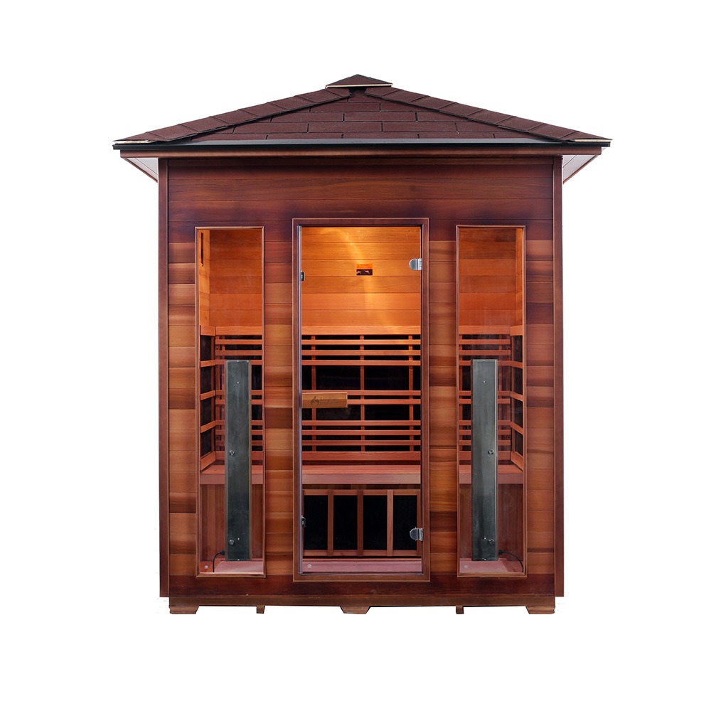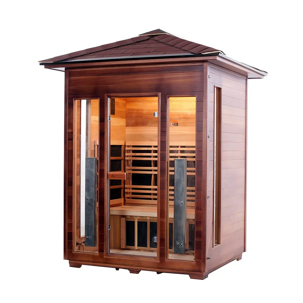 Questa sauna all'aperto è realizzata in cedro rosso occidentale canadese o cicuta canadese. Il legno vanta resistenza alla corrosione e all'umidità, nonché stabilità strutturale. Dotato di tecnologia di riscaldamento in fibra di carbonio a infrarossi lontani, si riscalda rapidamente e distribuisce il calore in modo uniforme. Adatto per ambienti esterni come cortili, balconi, giardini di ville, aree bordo piscina e resort.
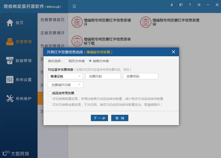以销售方为例,我们填写好对应蓝字发票的代码跟号码及发票开具日期,确认无误以后,点击下一步。根据提示上传后直至审核通过。
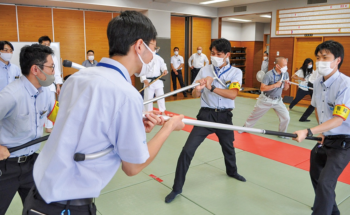 生活安全課の土屋昌志警部補は「刺股は相手が刃物などの武器を出した際に、被害を受けないために間合いを取るためのもの。抑え込んで捕まえるのではなく、自分やお客さんたちの安全を確保し、警察が駆け付けるまでの10〜15分を持ちこたえてくれれば」と説明。「相手を留めておくことが狙いなので、大声を出して威圧することも有効」と話す。
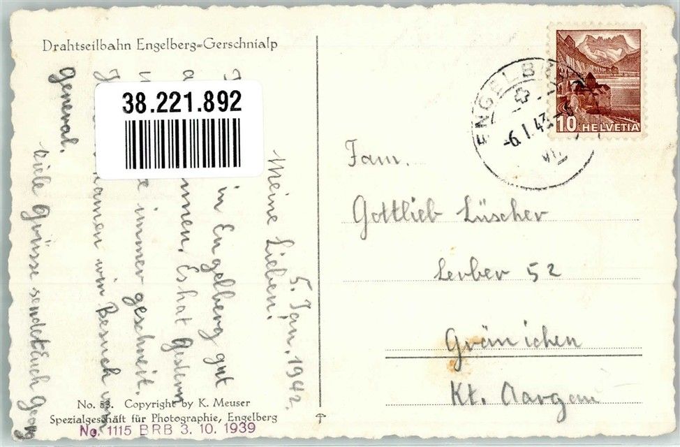 6390 Engelberg 1943 Winter Bergbahn Drahtseilbahn Gerschnialp
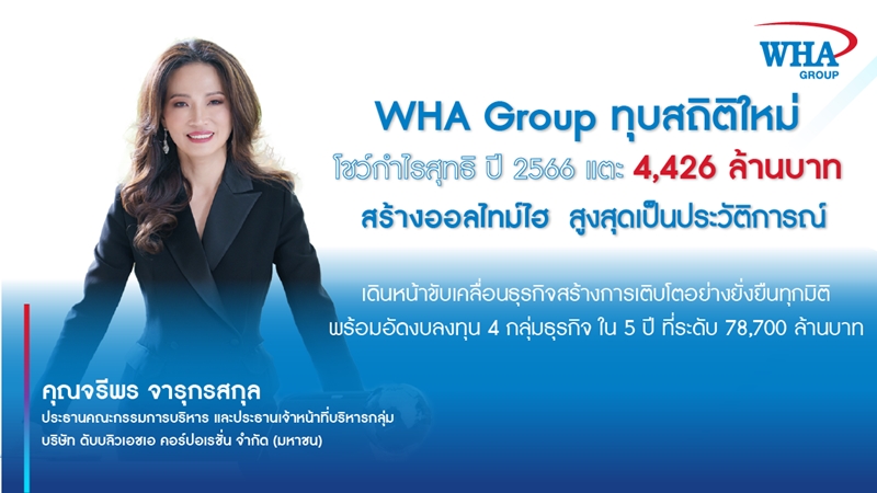 WHA Group ทุบสถิติใหม่ โชว์กำไรสุทธิ ปี 2566 แตะ 4,426 ลบ. สร้างออลไทม์ไฮสูงสุดเป็นประวัติการณ์ บอร์ดเคาะจ่ายปันผลรวมทั้งปี 0.1839 บาทต่อหุ้น จ่อ XD 9 พ.ค.นี้
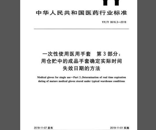 标准名称:一次性使用医用手套 第3部分:用仓贮中的成品手套确定实际时间失效日期的方法
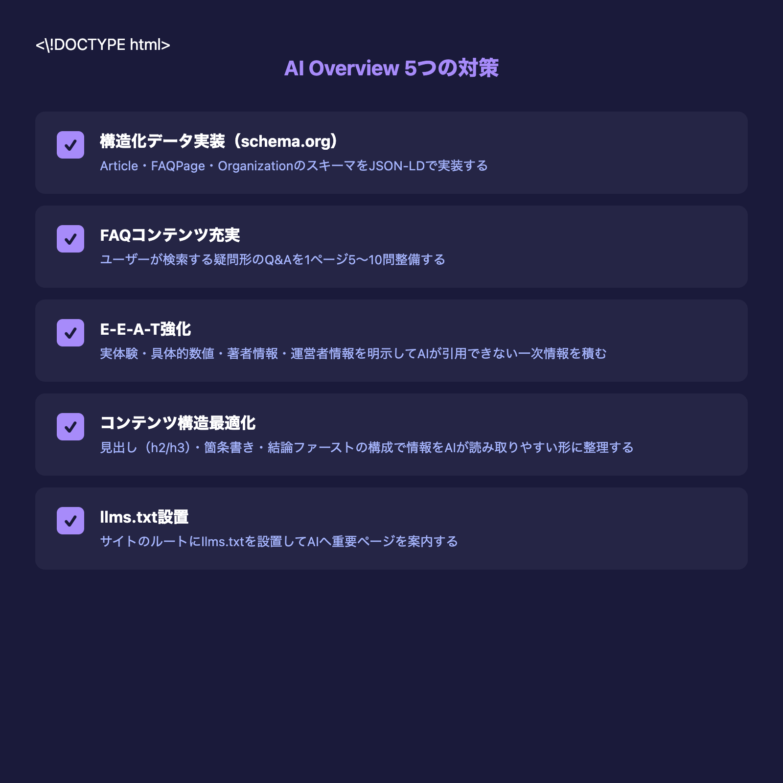 Googleの検索アルゴリズムとAI Overviewの引用ロジックは別物ですが、AIがサイトの情報を正確に把握できる環境を整えておくことは、あらゆるAI検索への対策として有効です。
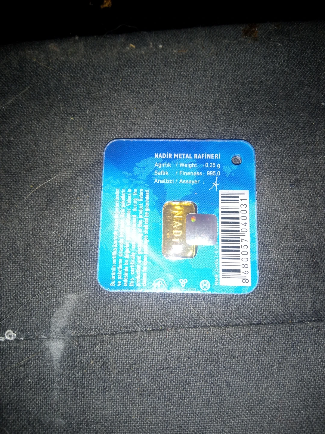 Nadir Goldcertificate bar weighing 0.25 grams. It's made of 995.0 fineness gold. Comes sealed in its original packaging. Great investment and even better starting price for a long term collector .
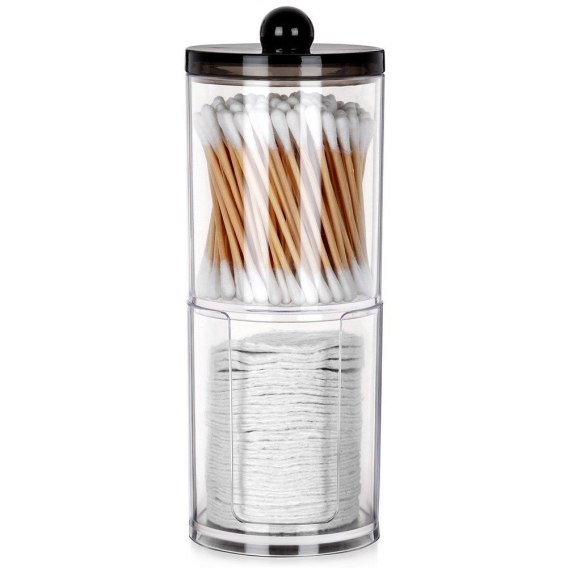 Dwupoziomowy pojemnik na patyczki lub płatki kosmetyczne to praktyczny dodatek do łazienki. Zestaw wyróżnia się nowoczesnym, prostym wzornictwem, które doskonale wpasowuje się w wystrój każdej łazienki. Przezroczysty kolor pozwala zobaczyć, ile patyczków lub płatków zostało.
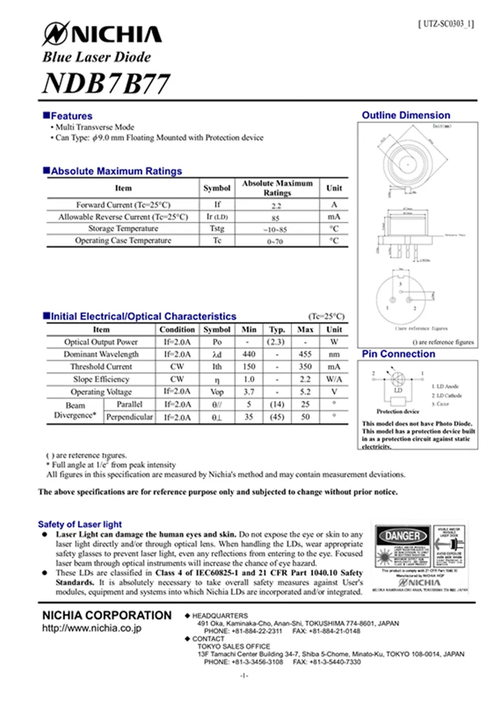 NICHIA NDB7B77 синий 9 мм 2,5 нм Вт лазерный диод LD

————

▶ [EXERCISE] Could you repeat each line above exactly as written? Omit the pictures.

▶ [TASK OUTPUT]
 Questa sauna all'aperto è realizzata in cedro rosso occidentale canadese o cicuta canadese. Il legno vanta resistenza alla corrosione e all'umidità, nonché stabilità strutturale. Dotato di tecnologia di riscaldamento in fibra di carbonio a infrarossi lontani, si riscalda rapidamente e distribuisce il calore in modo uniforme. Adatto per ambienti esterni come cortili, balconi, giardini di ville, aree bordo piscina e resort.
以销售方为例,我们填写好对应蓝字发票的代码跟号码及发票开具日期,确认无误以后,点击下一步。根据提示上传后直至审核通过。
 生活安全課の土屋昌志警部補は「刺股は相手が刃物などの武器を出した際に、被害を受けないために間合いを取るためのもの。抑え込んで捕まえるのではなく、自分やお客さんたちの安全を確保し、警察が駆け付けるまでの10〜15分を持ちこたえてくれれば」と説明。「相手を留めておくことが狙いなので、大声を出して威圧することも有効」と話す。
 6390 Engelberg 1943 Winter Bergbahn Drahtseilbahn Gerschnialp
 WHA Group ทุบสถิติใหม่ โชว์กำไรสุทธิ ปี 2566 แตะ 4,426 ลบ. สร้างออลไทม์ไฮสูงสุดเป็นประวัติการณ์ บอร์ดเคาะจ่ายปันผลรวมทั้งปี 0.1839 บาทต่อหุ้น จ่อ XD 9 พ.ค.นี้
 标准名称:一次性使用医用手套 第3部分:用仓贮中的成品手套确定实际时间失效日期的方法
 Googleの検索アルゴリズムとAI Overviewの引用ロジックは別物ですが、AIがサイトの情報を正確に把握できる環境を整えておくことは、あらゆるAI検索への対策として有効です。
 Nadir Goldcertificate bar weighing 0.25 grams. It's made of 995.0 fineness gold. Comes sealed in its original packaging. Great investment and even better starting price for a long term collector .
 Dwupoziomowy pojemnik na patyczki lub płatki kosmetyczne to praktyczny dodatek do łazienki. Zestaw wyróżnia się nowoczesnym, prostym wzornictwem, które doskonale wpasowuje się w wystrój każdej łazienki. Przezroczysty kolor pozwala zobaczyć, ile patyczków lub płatków zostało.
 NICHIA NDB7B77 синий 9 мм 2,5 нм Вт лазерный диод LD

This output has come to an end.